対人関係上の戦略とは、職場での人間関係をできるだけ健全でシンプルなものに保つための工夫である。

たとえば多くの患者は、職場で会話をおこなう際に、対立的な態度を取るのではなく、全ての人の考え方を考慮に入れ、傾聴するよう心がけると述べた。

(これは多くのBPD患者が陥りがちな対人関係の持ち方の対極[=正反対]であることに注目すべきである)。

興味深いのは、とりわけ同僚とのやり取りにおいて、「個人的な会話や自己開示を控えることで、感情的な距離を保つようにしている」と述べる患者が多かったことである。

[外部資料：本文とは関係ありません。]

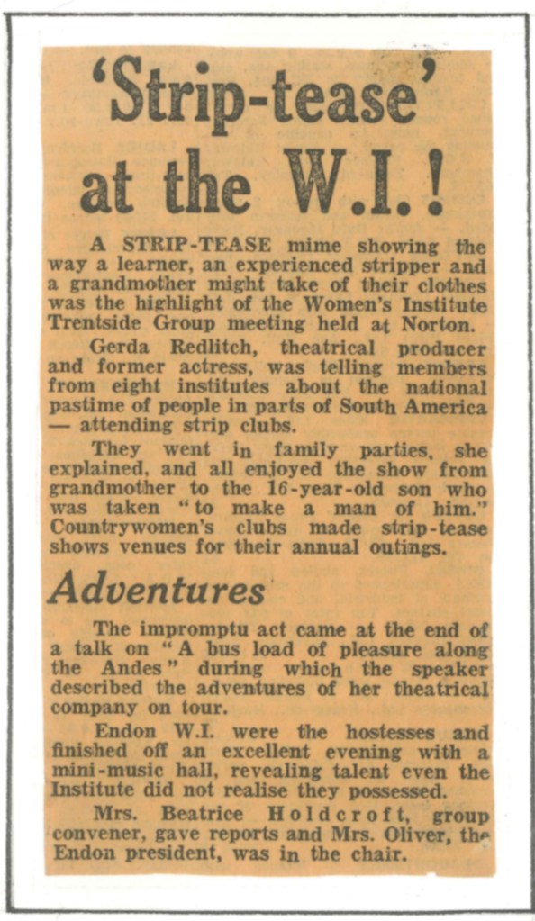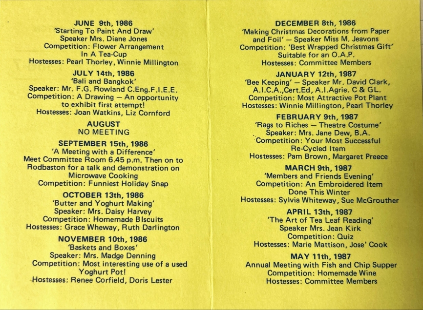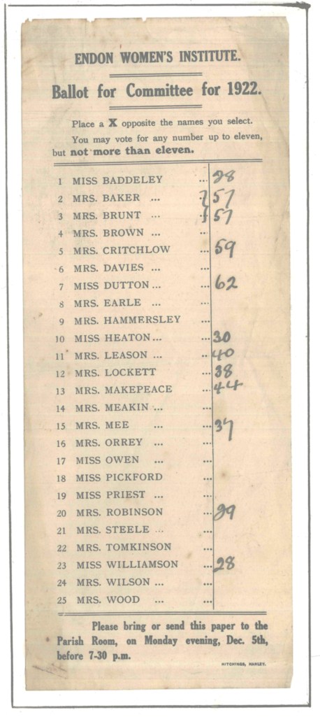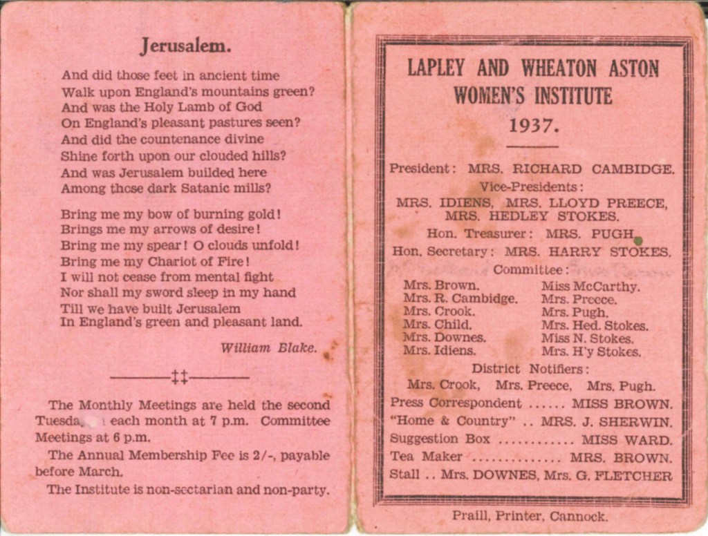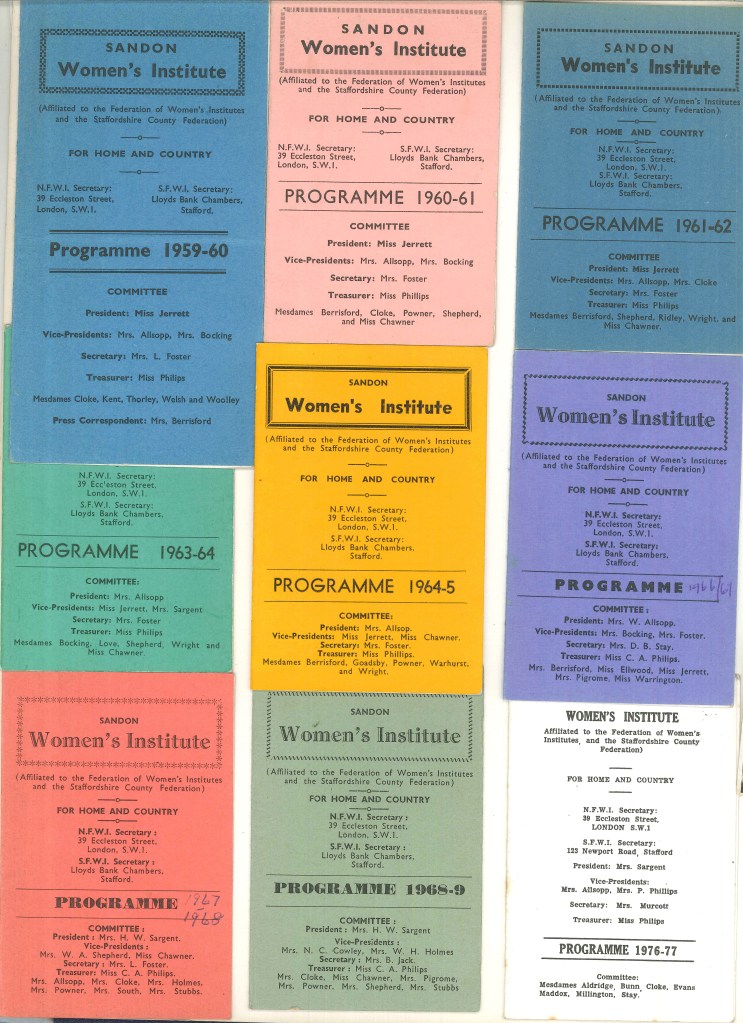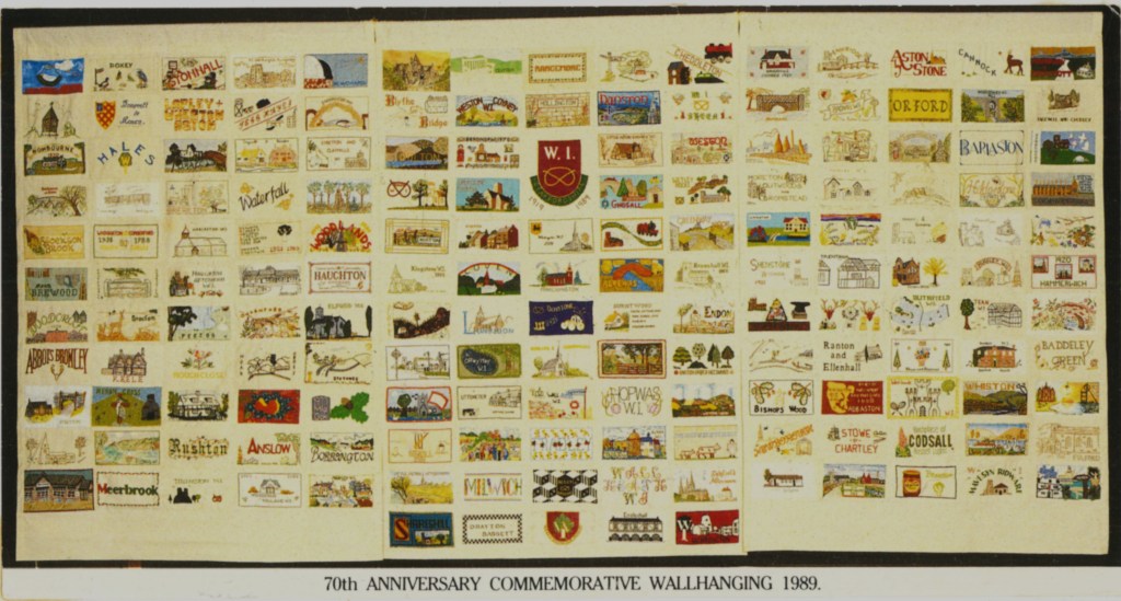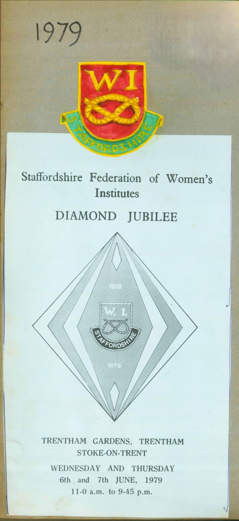 ‘Happy Haunting’ production by Lapley and Wheaton Aston WIBeatrix Potter Corner from the album of Sandon WI – 1987‘Les Girls’ of Lapley and Wheaton Aston WI110 WI WishesEndon WI Ballott from 19221979 Diamond Jubilee programme and painted badge from Barlaston WI‘Happy Haunting’ production by Lapley and Wheaton Aston WIA Poem from Sandon WI‘Les Girls’ of Lapley and Wheaton Aston WIA wedding at Lapley and Wheaton Aston WIEndon WI 1st Birthday PartyEndon WI photographs from the archives – chair mendingEndon WI photographs from the archives – dancingFamily picnic with Lapley and Wheaton Aston WIHanchurch WI Litter Picking CampaignHistorical costumes from Sandon WILapley and Wheaton Aston 1937 schedule (exterior)Lapley and Wheaton Aston 1937 schedule (interior)Image of Denman College from Hanchurch WI albumLapley and Wheaton Aston WI Lapley and Wheaton Aston group photographLapley and Wheaton Aston productionLapley and Wheaton Aston WI 1982 carnival photographsLapley and Wheaton Aston WI 1982 carnival photographsLapley and Wheaton Aston WI dress rehearsal for ‘Mad Hatters in Mayfair’Lapley and Wheaton Aston WI equal rights call by WI delegatesSandon WI 70th Anniversary PartyLapley and Wheaton Aston WI group photograph 1924Lapley and Wheaton Aston WI programme for 1986-87Miniature shop in a shoebox from the album of Sandon WI – 1987Sandon Hall postcard of WI in WW1Sandon WI 1920 bannerSandon WI keep fitSandon WI programmes through the yearsShugborough parade taken by Sandon WITaken back to childhood newspaper clipping from the Barlaston WI album70th Anniversary Commemorative Wall Hanging 1989 featuring all the banners of the WIs in StaffordshireSandon WI Membership cardLapley and Wheaton Aston WI dress rehearsal for ‘Mad Hatters in Mayfair’The Book Cover of Hanchurch WIThe WI at 100 magazine cover

「自分のことについて、あけすけに話さないようにすること、あるいは職場で友達を作ろうとしないことが、私にとって一番良いやり方だと気づきました。私は仕事をしに行っているのであって、必要なことをやり、それ以外のことを考えすぎないようにしています。そのやり方が私にはすごく役立つんです」と述べた患者などはその典型である。

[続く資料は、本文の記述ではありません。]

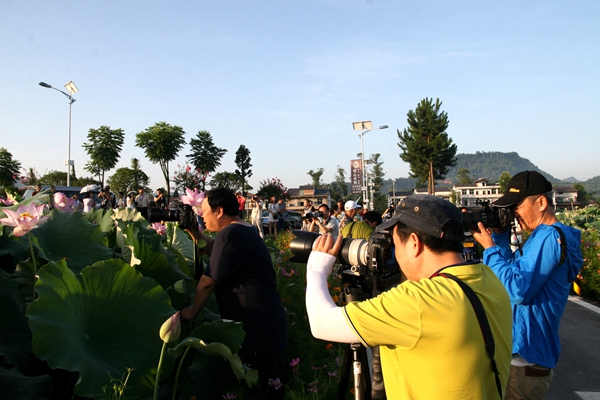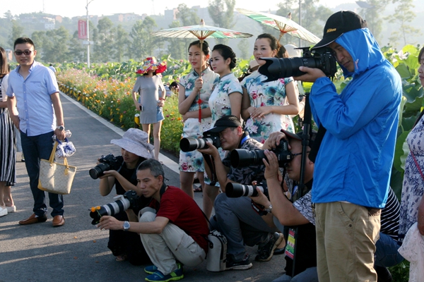 在此期间,市摄影家协会还邀请南充、广安、巴中、粱平等地的摄影家共100多人,一同参加了“魅力开江”第三届荷花节采风活动。“在清晨霞光的映衬下,荷花与露珠相得益彰,真是一种别样的美,荷花现在俨然成了开江的一张特色名片。”来自巴中市平昌县的摄影师孙百川正拿着相机兴奋地拍摄着朝阳下的荷花,娇艳的荷花、穿着美丽旗袍的模特们、专注的摄影师们,构成了开江荷塘清晨一道独特的美丽风景线。

(ちなみに、高校を中退したり、大学を休学したりといった理由で、他の学生と年が離れてしまった患者が復学する際にも、この戦略が役立つことは多い)。

業務に関する戦略とは、自分の仕事量や職務上の責任をうまくやりくりするための工夫である。

この戦略に関しては、BPDに特異的なものは少ない。

患者が挙げた方法には、自分のエネルギー量、作業の複雑さ、緊急度に応じて、休憩時間も含めた仕事の内容や時間の組み立て方を工夫することが含まれていた。

「私は自分の手帳をよく整理するようにしています。これは私にとって欠かせない道具です!仕事の内容ごとに色を分けて、その色が何を表すのかを示す凡例(対応表)を作り、それぞれの仕事に対応させていいるんです」と述べた患者の工夫などはその典型だろう。

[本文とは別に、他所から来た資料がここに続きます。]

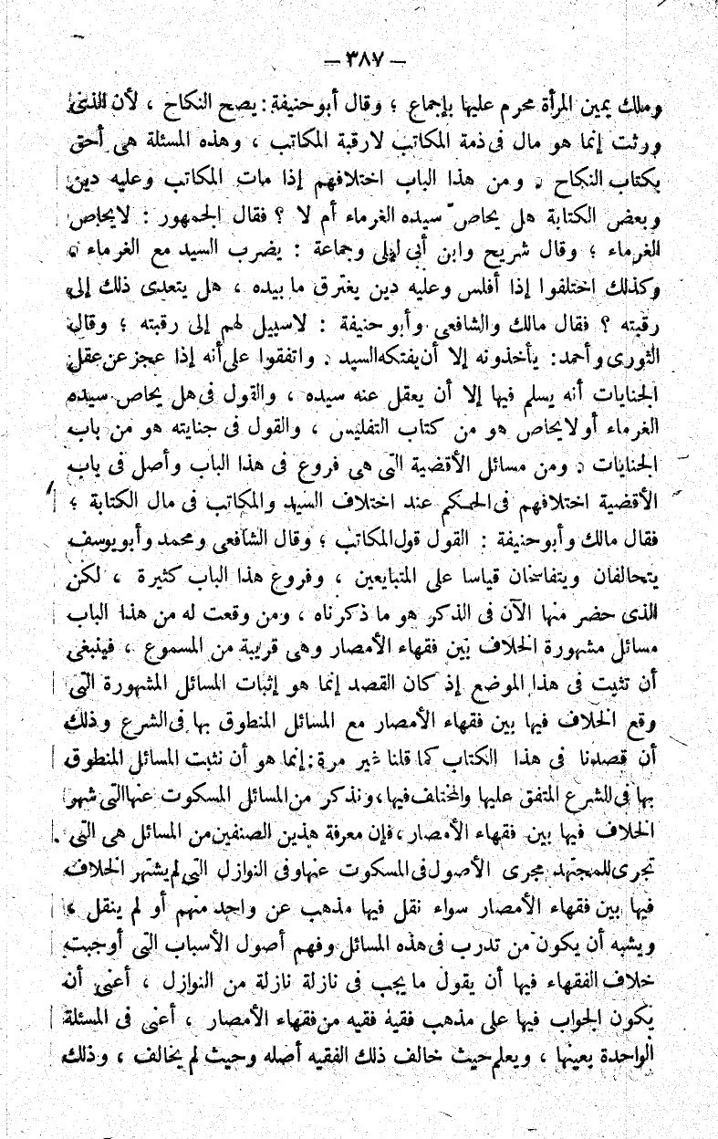ومن مسائل الأقضية التي هي فروع في هذا الباب وأصل في باب الأقضية اختلافهم في الحكم عند اختلاف السيد والمكاتب في مال الكتابة فقال مالك وأبو حنيفة القول قول المكاتب وقال الشافعي ومحمد وأبو يوسف يتحالفان ويتفاسخان قياسا على المتبايعين وفروع هذا الباب كثيرة لكن الذي حضر منها الآن في الذكر هو ما ذكرناه ومن وقعت له من هذا الباب مسائل مشهورة الخلاف بين فقهاء الأمصار وهي المساجد من المسموع فينبغي أن تثبت في هذا الموضع إذ كان القصد إنما هو إثبات المسائل المشهورة التي وقع الخلاف فيها بين فقهاء الأمصار مع المسائل المنطوق بها في الشرع وذلك أن قصدنا في هذا الكتاب كما قلنا غير مرة إنما هو أن نثبت المسائل المنطوق بها في الشرع المتفق عليها والمختلف فيها ونذكر من المسائل المسكوت عنها التي شهر الخلاف فيها بين فقهاء الأمصار فإن معرفة هذين الصنفين من المسائل هي التي تجري للمجتهد مجرى الأصول في المسكوت عنها وفي النوازل التي لم يشتهر الخلاف فيها بين فقهاء الأمصار سواء نقل فيها مذهب عن واحد منهم أو لم ينقل ويشبه أن يكون من تدرب في هذه المسائل وفهم أصول الأسباب التي أوجبت خلاف الفقهاء فيها أن يقول ما يجب في نازلة من النوازل أعني أن يكون الجواب فيها على مذهب فقيه فقيه من فقهاء الأمصار أعني في المسألة الواحدة بعينها ويعلم حيث خالف ذلك الفقيه أصله وحيث لم يخالف وذلك

また、当然のことではあるが、気が散らず快適に働ける環境を整えることも重要であるとされた。

これまでに述べたように、BPDの患者が仕事を継続するためにしている工夫には、疾患特異的なものから一般的なものまでさまざまなものがある。

他のBPD患者がおこなっている、さまざまな工夫について患者や家族が知ることはーあるいは治療者が患者に対してセッションの中で教えていくことはーこうした患者が仕事をする際にどのような工夫を凝らすべきなのかについて、検討していく上で重要だろう。

先に述べたように、このような工夫には、BPD患者が陥りがちな生活形式やコミュニケーションの仕方の対極(=正反対)に位置づけられるものも多い。

その意味で、こうした情報は、患者が普段からどのような生活を送り、家族を含めた身近な人々とどのような関わりをすべきかについて、貴重な情報を提供してくれるものであると言って良いのである。